#### Activity
Restate the listing below word for word. No picture belongs in the result.

#### Information shown
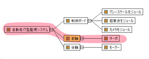 次に「自動走行型監視システム→前輪→サーボ」ラインを検討します。構造エディタで「前輪」を選択します。
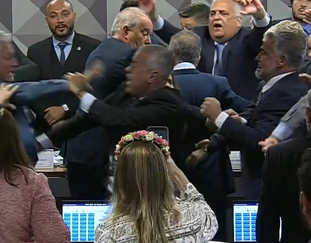 E mais confusão e briga quando o resultado da aprovação foi anunciado. Inclusive com gritos, empurra-empurra e deputado caindo no chão.
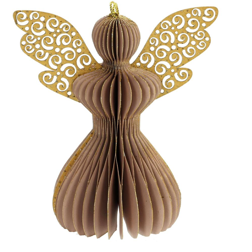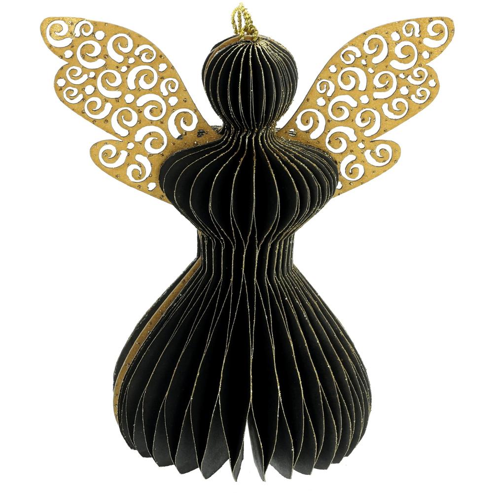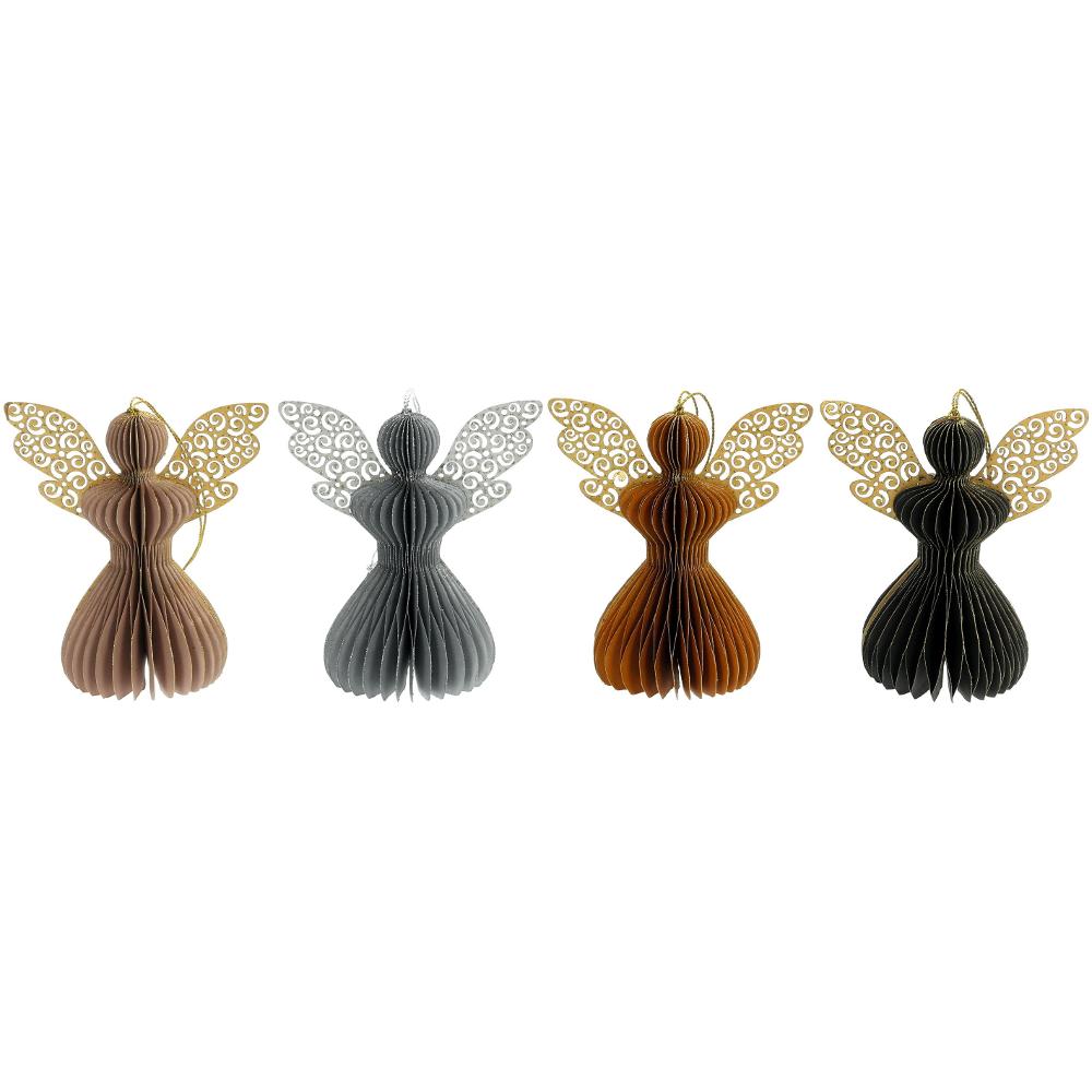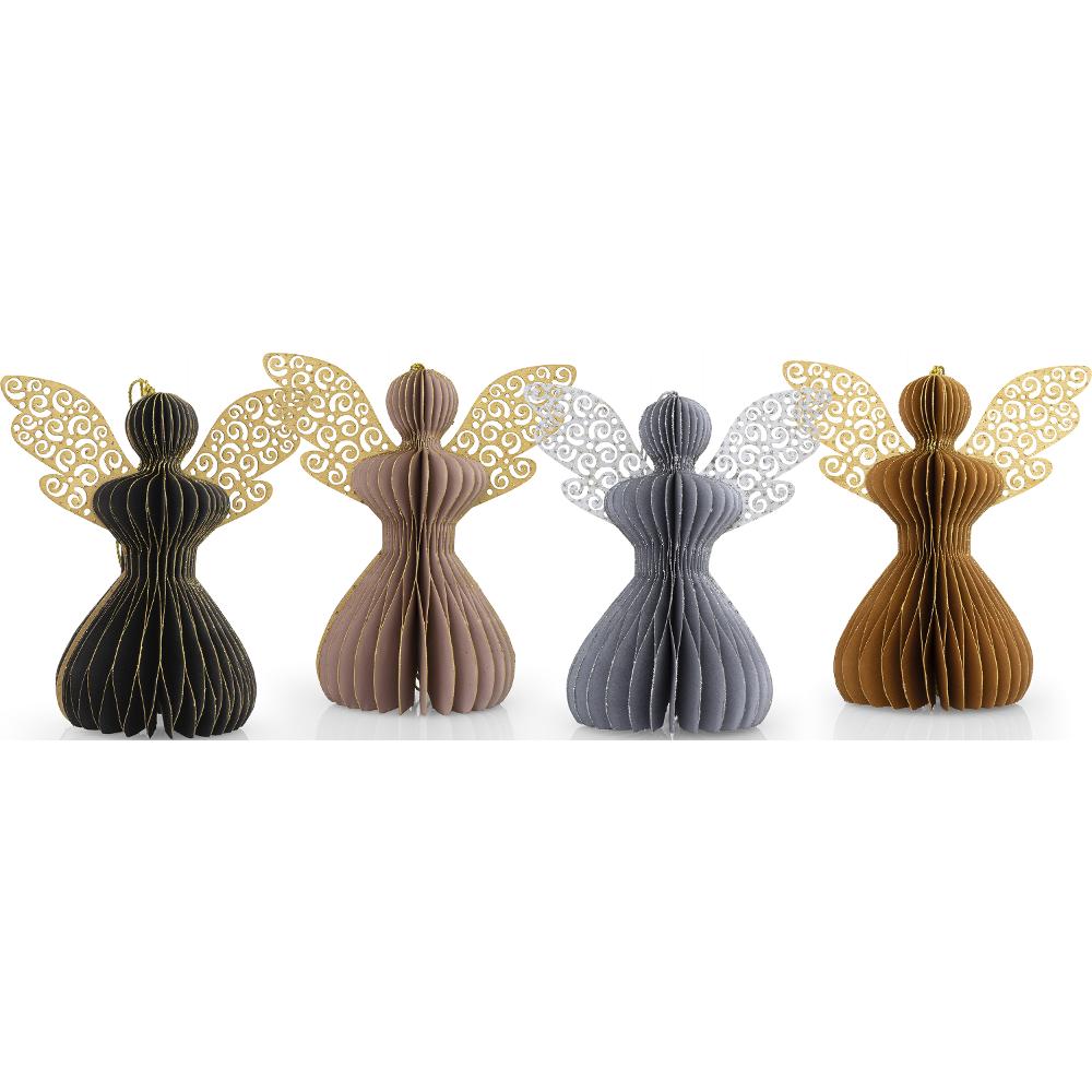 4 gyönyörű papírdísz angyal alakjában. A hajtogatott díszek méhsejt alakúak, arany csillogással a széleken. A készlet négy színű dekorációt tartalmaz: fekete, rózsaarany, mustár és ezüst. Csak beltérben használja.

#### Task solution
 次に「自動走行型監視システム→前輪→サーボ」ラインを検討します。構造エディタで「前輪」を選択します。
 E mais confusão e briga quando o resultado da aprovação foi anunciado. Inclusive com gritos, empurra-empurra e deputado caindo no chão.
 4 gyönyörű papírdísz angyal alakjában. A hajtogatott díszek méhsejt alakúak, arany csillogással a széleken. A készlet négy színű dekorációt tartalmaz: fekete, rózsaarany, mustár és ezüst. Csak beltérben használja.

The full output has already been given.